宮谷:ビジネスが大きくなるにつれて戦略や分析面でお力添えをいただく機会は今後増えると思いますが、個人的にはAngel Bridgeさんが持つファミリー感が大好きなので、規模が大きくなってもこの雰囲気を保っていただきたいですね。これは個人投資家や既存の大手VCの皆さんには出せないAngel Bridgeさんならではの価値。これからも経営者同士が密な人間関係を育めるような場作りを大切にしていただけたらとても嬉しく思います。

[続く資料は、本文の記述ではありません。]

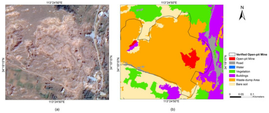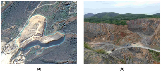 Visual interpretation key and field photo of open-pit mine. (a) Visual interpretation key of open-pit mine; (b) field photo of open-pit mine.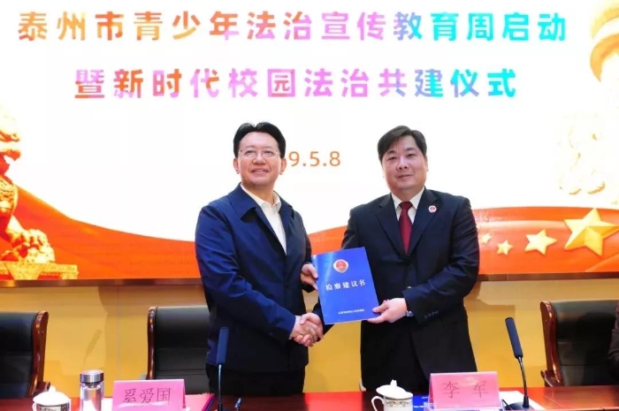 ?為深入推進青少年法治教育,強化未成年人保護工作,5月8日下午,市教育局和市檢察院在江蘇省泰州中學聯合舉辦青少年法治宣傳教育周啟動暨新時代校園法治共建儀式,市政協副主席、教育局局長奚愛國,市檢察院檢察長李軍出席儀式并講話。市檢察院副檢察長陸紅梅、鄒云翔、蔡紅衛(wèi)、檢委會專職委員華為民等參加活動。活動由市教育局副調研員朱三峰主持。 市政協副主席、教育局局長奚愛國出席儀式并講話

林:そうですね。宮谷さんが持つプロダクト作りのノウハウや事業の海外展開、グローバル人材の採用に関する知見を必要とする投資先は少なくありません。後輩起業家の良き兄貴分として相談にのってあげていただけたら私どもとしても本望です。

宮谷:もちろんです。お役に立つなら喜んでやらせていただきます。

今後の目標を聞かせてください。

宮谷:建設業界は全国に約40万社あり、私たちのサービスを活用していただけそうな企業はおよそ8万社あります。まずはその市場を確実に獲っていくのが当面の目標です。その次の目標としてはやはり海外展開になるでしょうね。まずは巨大な建設市場があるアジアパシフィック地域を手はじめに、ScanXの拡販に努めていきたいと思っています。今後はテラバイト級のデータを一括処理できる新プロダクト「Deep3」にも力を入れていくので、次回シリーズAラウンドでの資金調達が大きな節目になるでしょう。Angel Bridgeさんからのご支援にも期待しています。

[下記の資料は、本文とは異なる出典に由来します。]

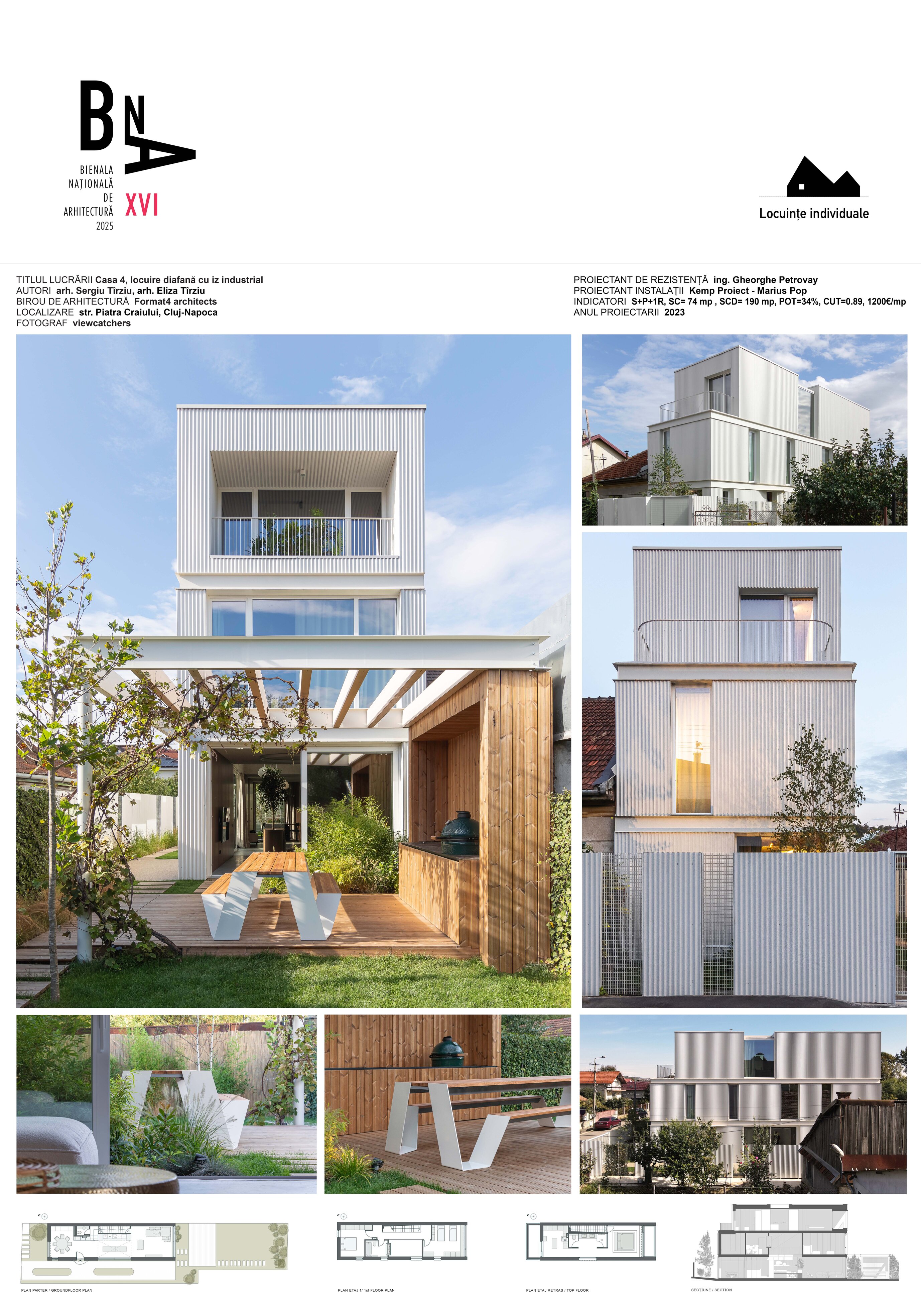 Casa 4 se află în apropierea străzii Metalului, zonă care face trecerea dintre o zonă industrială și o zonă rezidențială în partea nordică a orașului Cluj Napoca. Parcela de 240 mp are o formă alungită, cu front îngust și este mărginită de două locuințe și două ateliere . Proiectul a presupus extinderea și etajarea clădirii existente , care să genereze o arhitectură integrată, care să exprime și să preia din formele, memoria și istoria locului în curs de restructurare. Casa este structurată pe trei niveluri, registre bine exprimate și în arhitectura exterioară.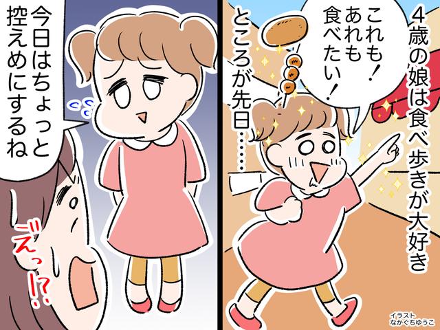 4歳の娘Mちゃんは食べることが大好きで、出かけるたびに「あれも! これも!」とねだっていたそうです。そんなMちゃんがある日、「今日は控えめにする」と言い出し、Tさんを驚かせました。その一言がきっかけで“食育”について考え直す出来事となったのです。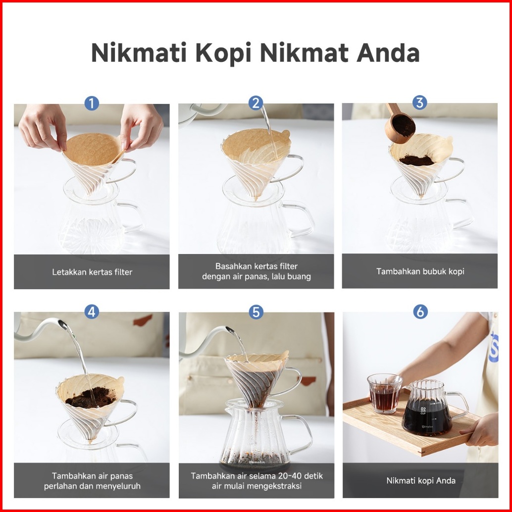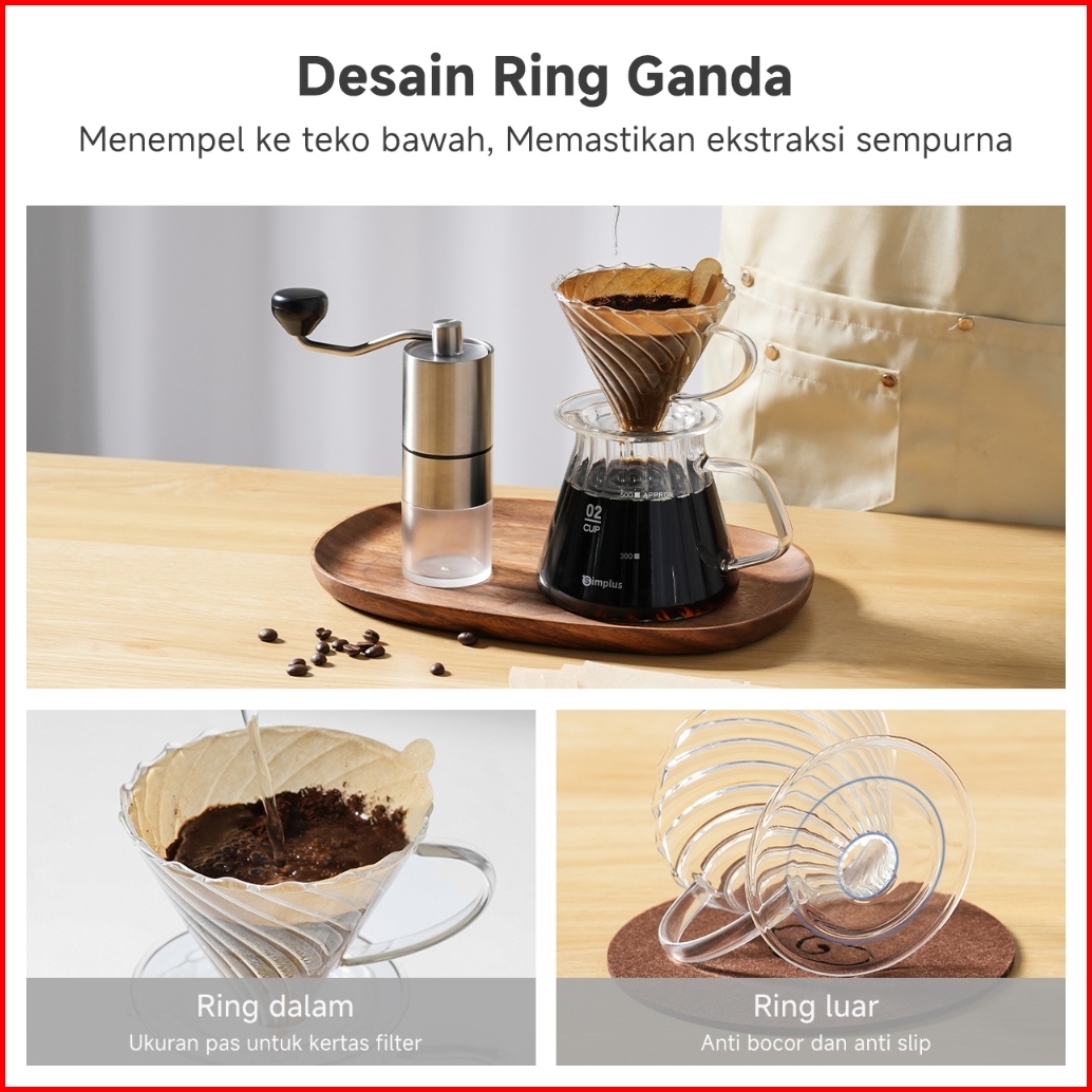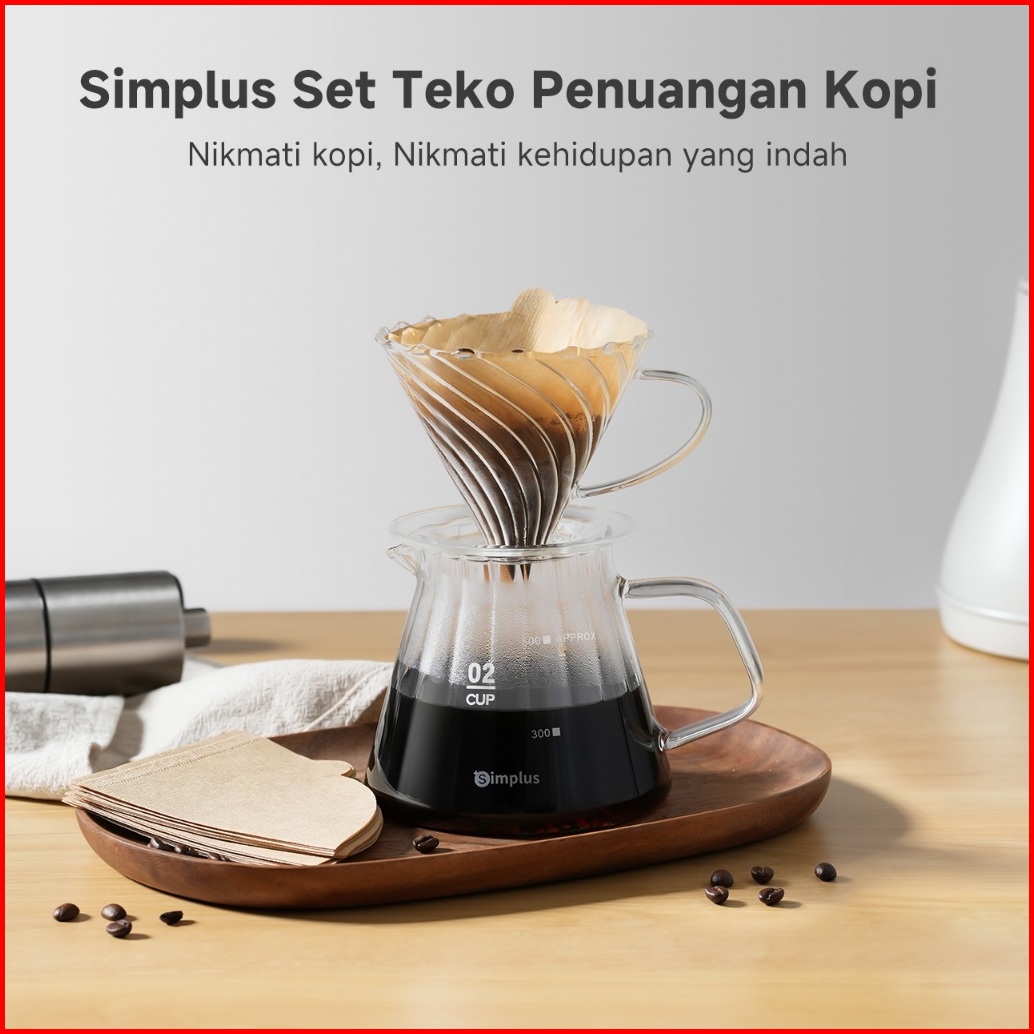 Simplus Pour Over Coffe Maker V60 Penuangan Kopi Kaca Borosilikat Tingkat Tinggi Teko Server Dengan 20 Kertas Filter

林:もちろんです。引き続き資金面からのご支援もさることながら、営業組織の強化や営業先のご紹介など、できることはまだまだたくさんあると思っています。Angel Bridgeとしても、宮谷さんが適切なタイミングで適切なチャレンジができるよう、息の長いご支援をするつもりです。ぜひ日本発のメガベンチャーになってください。

宮谷:がんばります!

読者の皆さんにメッセージをお願いします。

宮谷:スタートアップで過ごす時間は濃密で、1年もあればどんなことでも起こり得ます。良いことや悪いことが入れ替わり訪れる環境にあっても、情熱を失わず前に進み続けるには、好きだと思えるビジネスに取り組むのが一番です。私はお客様のペインをテクノロジーの力で解決するのが何よりも好きですし、その思いを支えてくださるAngel Bridgeさんのような力強い伴走者もいます。熱意ある者の周囲にはおのずと人が集まり、機会が育まれていくもの。ぜひ一緒にスタートアップ界隈を盛り上げていきましょう!